2.2. O tráfico e o apelo do consumo


O “consumismo” é, segundo os professores, produtor de uma perspectiva de
futuro imediatista que contradiz o projeto de longo prazo da educação escolar.
Tal tendência seria aguçada pela presença perturbadora do tráfico de drogas
na favela, que subverte esse sentido de investimento de longo prazo. Assim, o
caminho proposto pela escola acaba sendo desvalorizado e o próprio professor,
diante de tamanhas dificuldades, tende a não acreditar que o trabalho que reali­
za possa permitir a mudança de vida do aluno. Segundo ele, a segregação social
fragiliza a autoestima de seu aluno, levando até mesmo à adesão de alguns ao
tráfico de drogas.
Para o professor, a tarefa de socialização se torna ainda mais difícil porque,
para realizá-la, seria necessário, primeiramente, desconstruir os efeitos do trá­
fico em todas as dimensões já citadas para, a partir daí, poder atuar como pro­
fessor, transferindo não apenas o conteúdo curricular, mas também um sentido
para o futuro. O trecho da entrevista apresentado a seguir revela bem a drama-
ticidade da questão:

P: Você falou um pouco em perspectiva de futuro. E como é que você acha


que eles pensam o futuro?
R: Isso é uma coisa boa, porque no primeiro momento eles têm assim... uma
visão muito triste. Alguns falam para mim que: "Poxa tia, vou morrer com
18 anos. Para que isso?” (professora, 1Q segmento)

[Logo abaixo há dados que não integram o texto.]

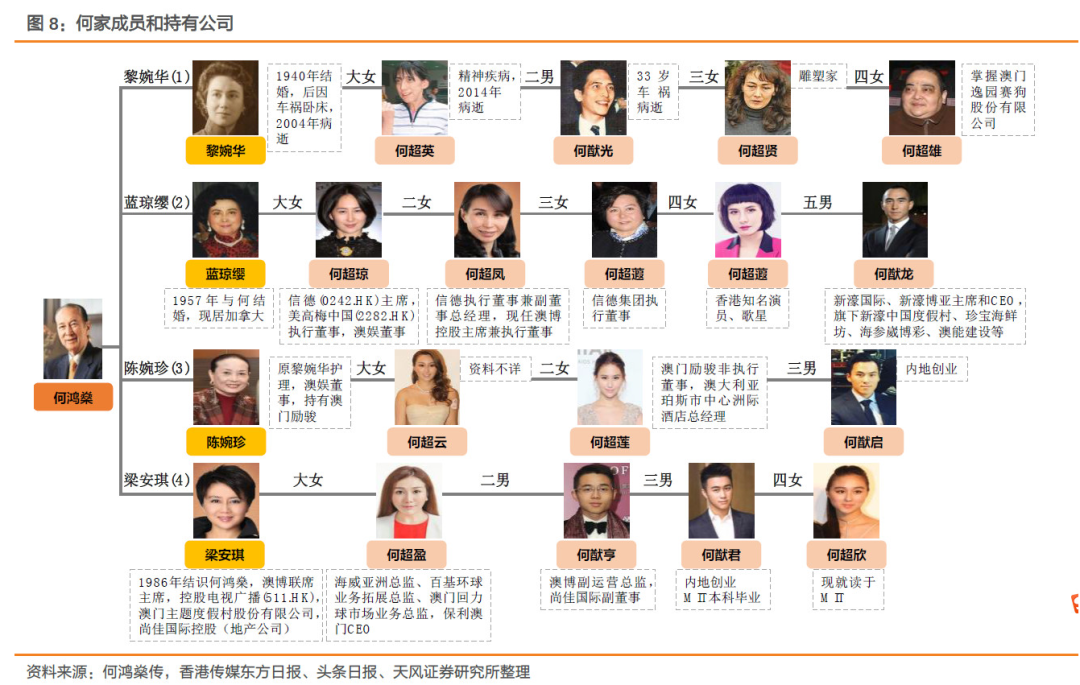 除祖业澳博之外,赌王何鸿燊二房子女还持有美高梅中国22%股权,同属二房的何猷龙则是新濠国际发展(0200.HK)、新濠博亚娱乐(MLCO.US)的实际控制人,三房太太陈婉珍目前与二女儿何超莲共同持股澳门励骏(1680.HK)。
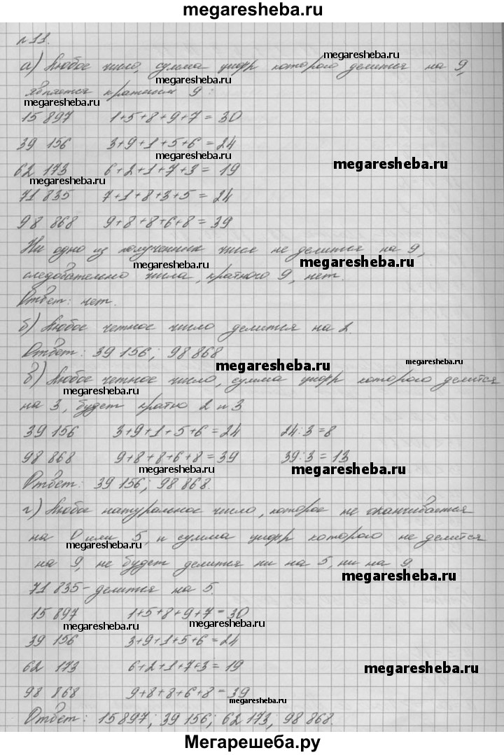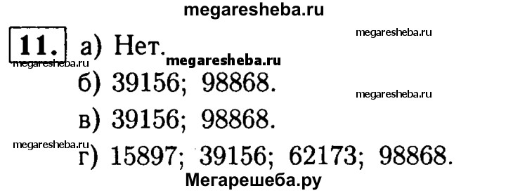11. Из чисел 15 897, 39 156, 62 173, 71 835 и 98 868 выпишите те, которые: а) кратны 9; б) делятся на 2; в) кратны 2 и 3; г) не делятся ни на 5, ни на 9.
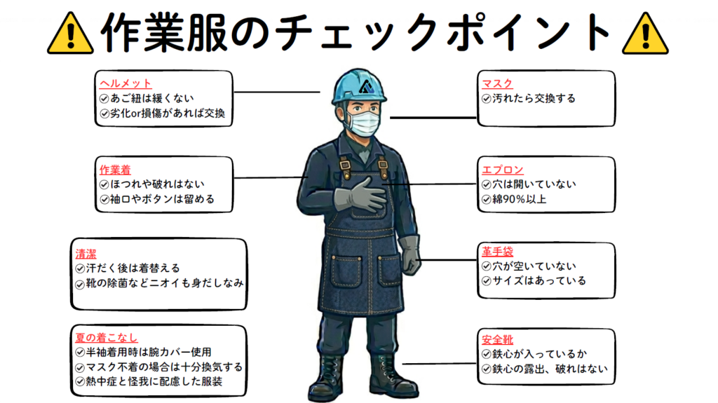 本日の朝のミーティングでは「作業着の着こなし」についてアナウンスをしました。

Ainda que priorizada pelo professor, a opção pelo conteúdo transforma-se


em uma decisão extremamente difícil, como deixa evidente a fala desta profes­
sora, ao ser perguntada sobre o seu papel:

R: Eu contribuo um pouco, mas sei que o inglês aqui é o de menos. Contribuo


com valores éticos, com valores morais que muitas vezes diferem dos deles,
mas eu procuro levar para esse lado, porque o conteúdo é o de menos. Nessa
comunidade, pelo menos neste ano que eu estou vivendo, é o de menos.
P: Você acha que a escola desempenha um papel importante, ou lá fora eles
veem coisas que são mais atraentes?
R: Está meio difícil de responder a esta pergunta, porque tem uma série
de coisas envolvidas aí. Tem gente que a gente... ah, não sei se vou falar,
3 Importante salientar que, quando se referem a essas situações, esses profissionais têm, em ge­
ral, como base de informação, o que Foote White (2005) designou de “evento espetacular”, isto é,
aquele tipo de evento construído e veiculado pela mídia e que serve de base para o senso comum.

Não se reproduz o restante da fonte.